Stewart Chassis Selection for Pocono: No. 14-515
This car is a carryover chassis from the former Haas CNC team, but it was essentially rebuilt since failing to qualify for the November 2008 NASCAR Sprint Cup Series race at Texas Motor Speedway in Fort Worth. Prior to Texas, Chassis No. 14-515 made two starts, with its debut coming in August at Michigan International Speedway in Brooklyn. There, Tony Raines qualified 30th and finished 31st. The car was then tested Sept. 9 at Kentucky Speedway in Sparta in preparation for its next start at Kansas Speedway in Kansas City. Raines was again at the wheel, qualifying 25th and finishing a respectable 23rd.
The NASCAR Sprint All-Star Race at Charlotte (N.C.)Motor Speedway marked Chassis No. 14-515’s third career start, but first of 2009 and first with Stewart at the controls. The non-points race displayed a marked change for the car, as Stewart wheeled Chassis No. 14-515 into the lead on lap 98, where he held the point for the final two circuits around the 1.5-mile oval to take the car’s first victory as well as the first win of any kind for Stewart-Haas Racing.
The car saw track time again June 1-2 when it participated in a Goodyear tire test at Indianapolis Motor Speedway. Last year’s Brickyard 400 was the car’s first point-paying start of 2009, where it qualified seventh and led two laps before finishing a solid third. It sat idle until getting a new body and a trip to the wind tunnel in preparation for its sixth career start this past May at Darlington (S.C.) Raceway. There, it had an up-and-down performance, starting 24th and leading five laps while getting caught up in two on-track incidents that left it
23rd when the race ended.
With a new body honed in the wind tunnel, Chassis No. 14-515 returns to the track this weekend at Pocono (Pa.) Raceway.
TONY STEWART Q & A
There’s school of thought that if you run well at Indianapolis, you’ll run well at Pocono and vice versa. Is that still the case?
“It used to be that if you ran well at Pocono then you had a good shot at running well at Indy. I don’t know if it’s still correlated the last couple years with the new car. The thing about Indy is that it’s glass smooth. It’s got a couple little bumps here and there, but you go to Pocono and it’s rough and bumpy. The setups are quite a bit different now.”
Your win at Pocono last June came in a fuel mileage race. Can you explain what you did to make sure you had enough fuel to go the distance while many of your competitors did not?

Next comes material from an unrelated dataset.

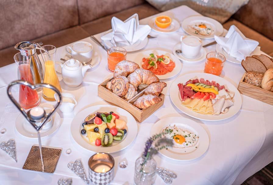 Reichhaltiges Frühstücksbuffet (täglich von 07:30 bis 10:30 Uhr) mit Wurstwaren aus unserem Verbund LandGenuss Bayerwald, Käseauswahl, Eiern aus der Region nach Wunsch für Sie zubereitet, hausgemachten Marmeladen aus Bio-Früchten, heimischen Säften, Teestation mit Bioteque Tee Manufaktur, Kaffeespezialitäten, frischem Obst, hausgemachtem Kuchen, Cornflakes und Müsli Auswahl, Brot, Gebäck und Vollkornprodukte vom Bäcker aus dem Dorf.

“I’ve lost a lot more races like that than I’ve won. It was between Carl (Edwards) and I. We were the strongest two cars at the end of the race and we were able to get the track position we needed. Our guys did a great job of getting us out of the pits in the lead and that gave us the opportunity to make Carl push harder in the beginning to get the lead. Once he went into that fuel conservation mode, we had to follow suit. To be in a situation where your speed is dictated off the guy behind you and not off of what you can do, it’s a different style of racing. It’s hard. It’s just as hard, if not tougher, than trying to run 100 percent.”

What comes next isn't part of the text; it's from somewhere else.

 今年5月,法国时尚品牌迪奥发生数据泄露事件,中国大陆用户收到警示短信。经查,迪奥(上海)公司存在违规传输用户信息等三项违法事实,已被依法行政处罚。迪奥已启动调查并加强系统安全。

Explain a lap around Pocono.
“Turn one is probably the easiest of the three – you drive it in kind of deep and then try to float the car through the corner. You go down the backstretch and into the tunnel turn and it’s basically one lane. It’s flat and very line-sensitive. You’ve got to make sure you’re right on your marks every lap when you go through there. Then you’ve got a short chute into turn three. It’s a big, long corner and it too is very line-sensitive. Add the fact that we’ve got a straightaway that’s three-quarters of a mile long after that, and it’s very important that you get through the last corner well. You need to come off the corner quickly so that you’re not bogged down when you start down that long straightaway. Each corner has its challenges, and each one tends to present a different set of circumstances with each lap you make.”